異世界八険伝
11.盗賊団をやっつけろ!
「リ、リザさん!? 」
「あははっ、リンネ様ごめんなさいね、私ってよく転ぶのよ」
ボクの前に広がるM字が閉じてL字に、さらにはI字に変わっていく。
何事もなかったかのようにすまし顔でスカートの裾をはたくリザさんに、どうしても確認しなきゃいけないことがある。
「えっと、2つほど訊きたいことがあるんですが――」
「はい? 何かしら」
まずは脳裏に焼き付いているあの光景だ。
「もしかして、ボクがはいているのはリザさんの――」
「正解! 」
「えっと、オシャレさんですね」
「ありがとう! おしゃれは見えない所からって言いますからね」
「いや、バッチリ見えてました」
  白と水色の縞々模様がボクの頭の中で渦を巻く。
「じっくり見てもらえて誇らしいわ! エリザベート様にお下がりを貰った甲斐がありました」
「えっ!? 」
どゆこと!?
もしかして、エリ婆さん → リザさん → ボクって流れ?
ボクは白と水色の渦に吸い込まれていき――辿り着いた先には恥ずかしそうに照れ笑いをする老婆が居た。
訊かなきゃ良かった、知らなきゃ良かった、やぶ蛇だった。
頭を振って悪夢を振り払う。
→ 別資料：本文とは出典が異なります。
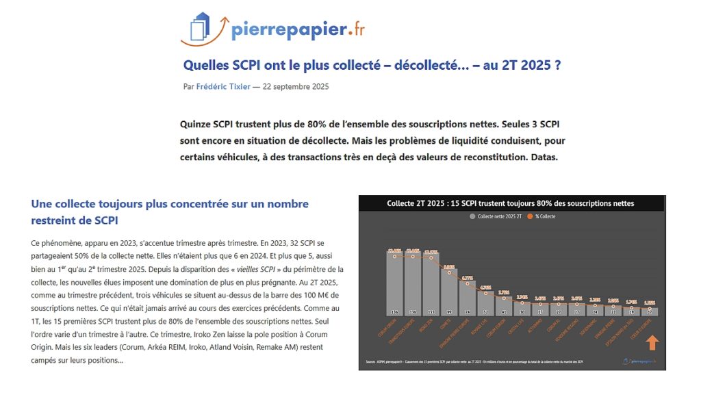Le marché des SCPI poursuit son redressement : 1,1 Md€ collectés au 2ᵉ trimestre 2025 (ASPIM).
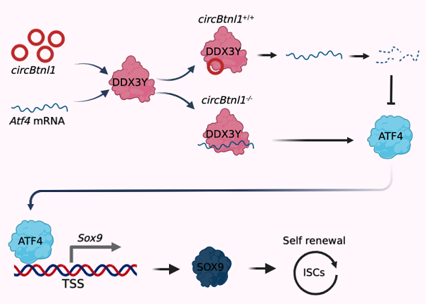 在该研究中,我们发现circBtnl1敲低能够促进肠道干细胞的增殖和类器官的生长。我们构建了circBtnl1敲除小鼠,发现circBtnl1缺失后小鼠肠道隐窝和肠绒毛明显增多,肠道干细胞的数目也显著增多。同时,circBtnl1敲除后并不影响其母基因Btnl1的mRNA和蛋白水平的表达,表明circBtnl1通过一种不依赖于Btnl1 mRNA和蛋白的方式调节肠道干细胞的自我更新能力。在稳态情况下,circBtnl1和RNA解旋酶Ddx3y竞争性结合转录因子Atf4的mRNA,进而抑制Atf4 mRNA的稳定性,继而抑制干性因子Sox9的转录表达,抑制肠道干细胞的再生能力,首次揭示circBtnl1对肠道稳态的负性调节作用。总之,该研究揭示了非编码RNA circBtnl1负向调控肠道干细胞自我更新的新机制,发现了Atf4/Sox9信号参与干性稳态维持的新功能,为解析肠道干细胞的稳态调控机制提供了新视角。
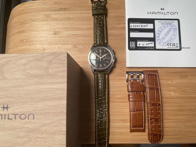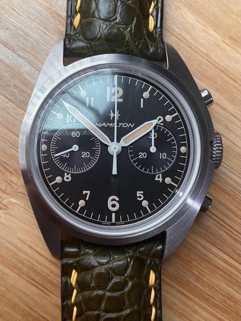 商品:Hamilton漢米爾頓手上鍊計時皮帶飛行機械錶
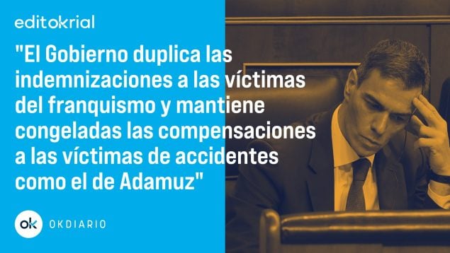 El Ejecutivo también aumenta el montante por incapacidad, pasando de 90.191 euros a 180.000 por «incapacidad permanente absoluta» y de 135.286,50 euros hasta los 500.000 euros por «gran incapacidad». Los afectados que ya percibieran una indemnización en base a la anterior normativa de 2007 podrán solicitar que se les abone la diferencia. El Gobierno lo justifica con el argumento de que «la sociedad española tiene un deber de memoria con las personas que fueron perseguidas, encarceladas, torturadas e incluso perdieron sus bienes y hasta su propia vida en defensa de la democracia y la libertad». Pues si el Gobierno se arroga el imponer a la sociedad española un «deber de memoria» que pregunte a la sociedad española si le parece lógico que las familias de los fallecidos en el accidente de Adamuz sean víctimas de peor condición. Aquí se actualizan las indemnizaciones no con criterios objetivos, sino con criterios absolutamente sectarios. Y es que para el Gobierno de Pedro Sánchez una víctima del franquismo merece más ayudas del Estado que las víctimas de un accidente de un tren o de una DANA.

揺れる銀髪に、老婆の幻影が押し流されていく――。
よし、気持ちを切り替えよう!
「その話はおいといて、もう1つの質問です。どうしてこんな場所に? もしかして、ボクを手伝いに? 」
「残念! とある方を迎えに来たんです、と言っても――これって、とんでもない状況になってます? 」
手を翳して街道を見やるリザさん。間近で見ると本当に綺麗だ。おっと、見とれている場合じゃなかった!
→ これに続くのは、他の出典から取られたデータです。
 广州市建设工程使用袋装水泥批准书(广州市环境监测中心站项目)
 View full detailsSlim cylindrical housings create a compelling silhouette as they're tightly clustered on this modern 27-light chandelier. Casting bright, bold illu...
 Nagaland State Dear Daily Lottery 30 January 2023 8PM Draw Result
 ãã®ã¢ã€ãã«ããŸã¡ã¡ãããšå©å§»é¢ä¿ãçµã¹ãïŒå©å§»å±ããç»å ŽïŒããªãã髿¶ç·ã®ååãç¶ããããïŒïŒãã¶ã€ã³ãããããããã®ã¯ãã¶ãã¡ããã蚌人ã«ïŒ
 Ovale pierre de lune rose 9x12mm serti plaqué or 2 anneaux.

「はい、馬車が盗賊団に襲われているみたいです。助けたいけど――」
「えっ!? この人、盗賊なんですか! まだ生きているみたいですけど、人質に使いましょうよ! 」
「リザさんってえげつない!! けど、盗賊相手に人質を取ってもあまり期待できないかも」
「では、縛って吊るしておきますね! エルフの森に入った罰です! 」
「分かりました、お任せします――」
★☆★
「リンネ様、盗賊なんてちゃちゃっとやっつけてくださいよ、応援してますから! 」
吊された男の股間に左右のパンチを当てながら無茶を言うリザさん。
「12歳のこんなにか弱そうな女の子が、あのごっついおじさん達に勝てると思いますか? 」
「女の武器を使えば――」
「もう良いです! 時間がないから協力してください! リザさんって精霊魔法が使えるんですよね? 」
「中級までですが。と言うか、精霊魔法しか使えません」
この美少女エルフ、意外とポンコツだったり? まぁ、ボクが知ってる精霊魔法なら、あっと言う間に局面を打開できるはず!
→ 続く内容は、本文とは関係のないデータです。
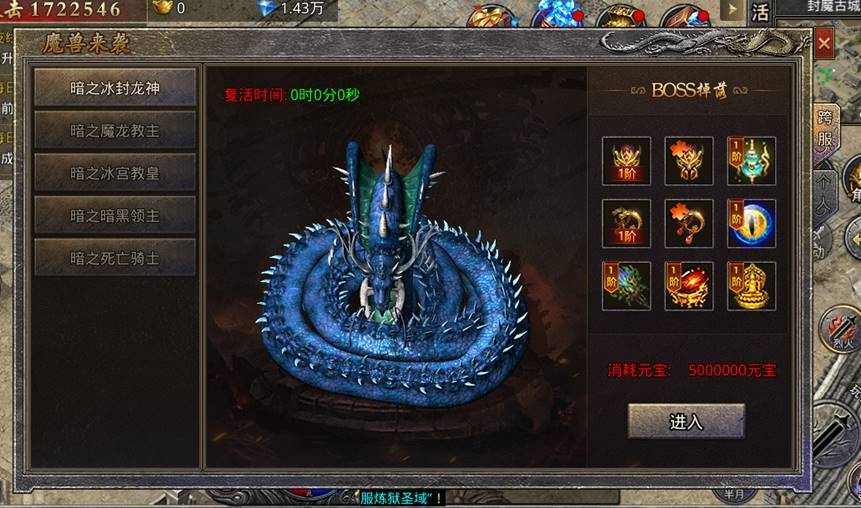 一、区服开放至120天新增:远古战神、魔兽来袭、至尊图鉴系统
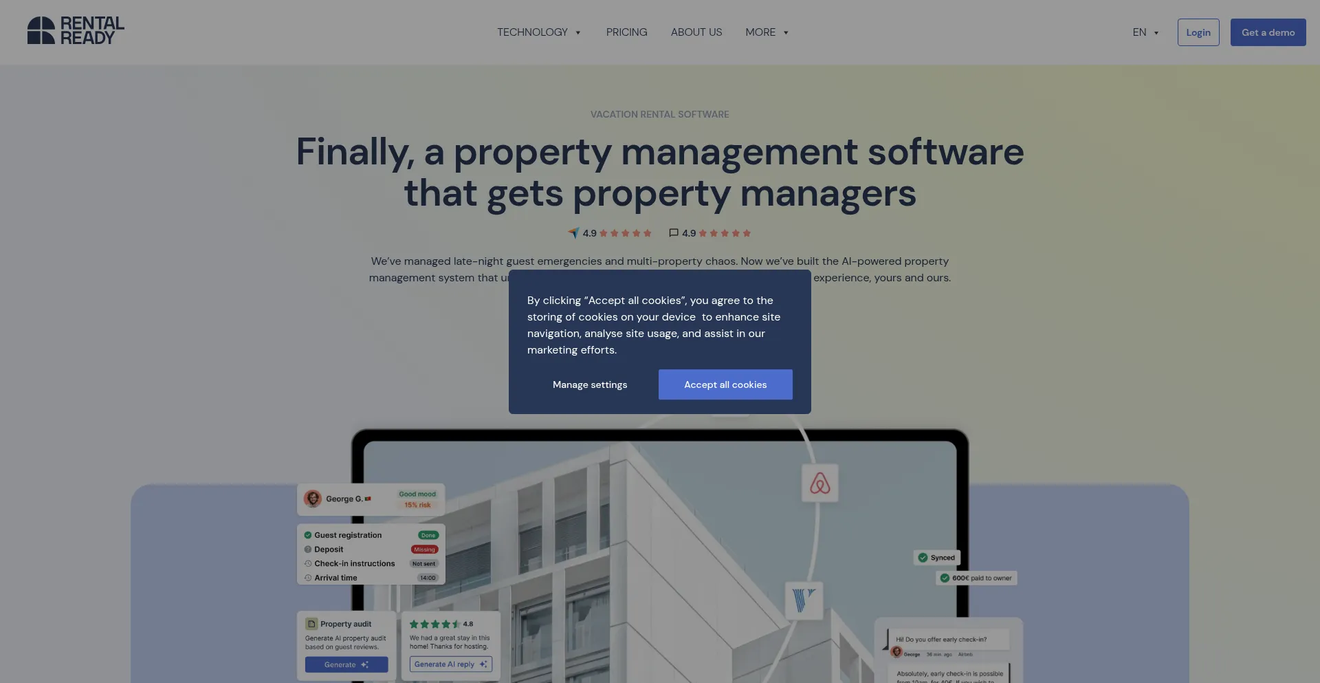 该网站实现符合GDPR或CCPA等隐私法规的cookie同意机制。这表明 rentalready.io 遵守数据保护标准并为用户提供对个人数据收集实践的控制。
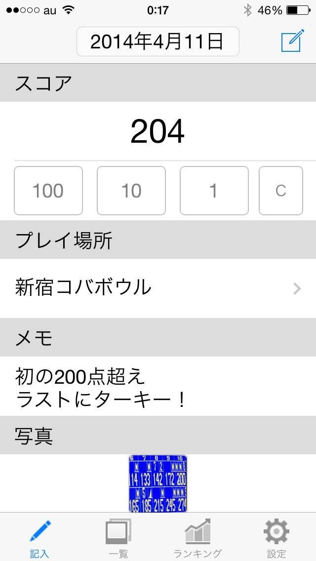 スコア、場所、メモ、写真、この3つの情報を入力するだけ。
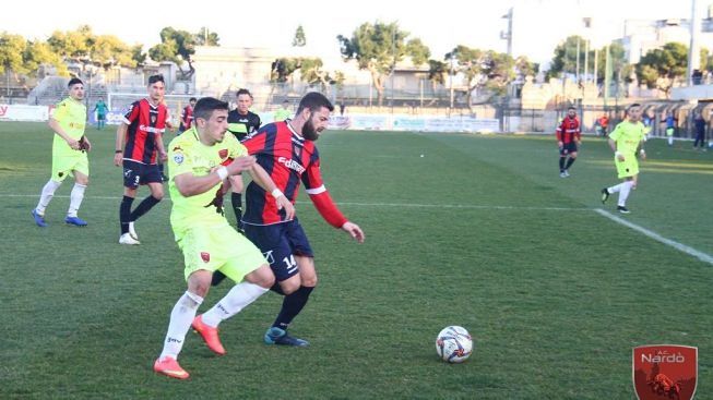 Nella ripresa il ritmo del gioco è più alto e la gara è più godibile con continui capovolgimenti di fronte, ma con il pallino del gioco quasi sempre in mano alla squadra rossoblu. Al 50’ Mingiano prova a impensierire Coletta con un diagonale in corsa ma la conclusione dell’attaccante granata termina di poco a lato. Dopo due minuti ci prova Esposito con un sinistro a giro che sfiora il palo alla destra di Mirarco. Al 64’ Aquaro nega il vantaggio agli ospiti respingendo sulla linea un tiro di Vanacore dopo un’amnesia difensiva tra Mirarco e Giglio. Il Nardò va in confusione, il Picerno preme sull’acceleratore e al 71’ passa in vantaggio: corner battuto dalla destra da Esposito e Caiazza in scivolata all’altezza del dischetto trova lo spiraglio giusto per battere l’incolpevole Mirarco. Dopo il vantaggio la squadra melandrina va in fase di gestione del possesso palla mentre i padroni di casa, senza valide alternative in panchina, fanno molta fatica in campo e non riescono a reagire alla manovra ospite. Poco Nardò e tanto Picerno, con la squadra di Giacomarro sempre rivolta all’attacco e così al termine dei cinque minuti di recupero arriva il raddoppio. Inesauribile Kosovan che all’ultimo respiro parte in contropiede, palla al limite per Santaniello sulla sinistra, che appena entrato in area batte Mirarco.

「まず、こちらは数が足りません。精霊魔法で何とかなりませんか? 」
「任せて下さい! 森でエルフにケンカを売るとか、盗賊って頭が沸いてるんでしょうね」
徐々に怒りが倍増してきたのか、杖で地面を抉る彼女の手にも力が篭もっていく。
力強く大地に描かれた半径1mほどの魔法陣――その中に杖を突き立て、彼女が朗々と詠唱を始める。これは、精霊召喚だ!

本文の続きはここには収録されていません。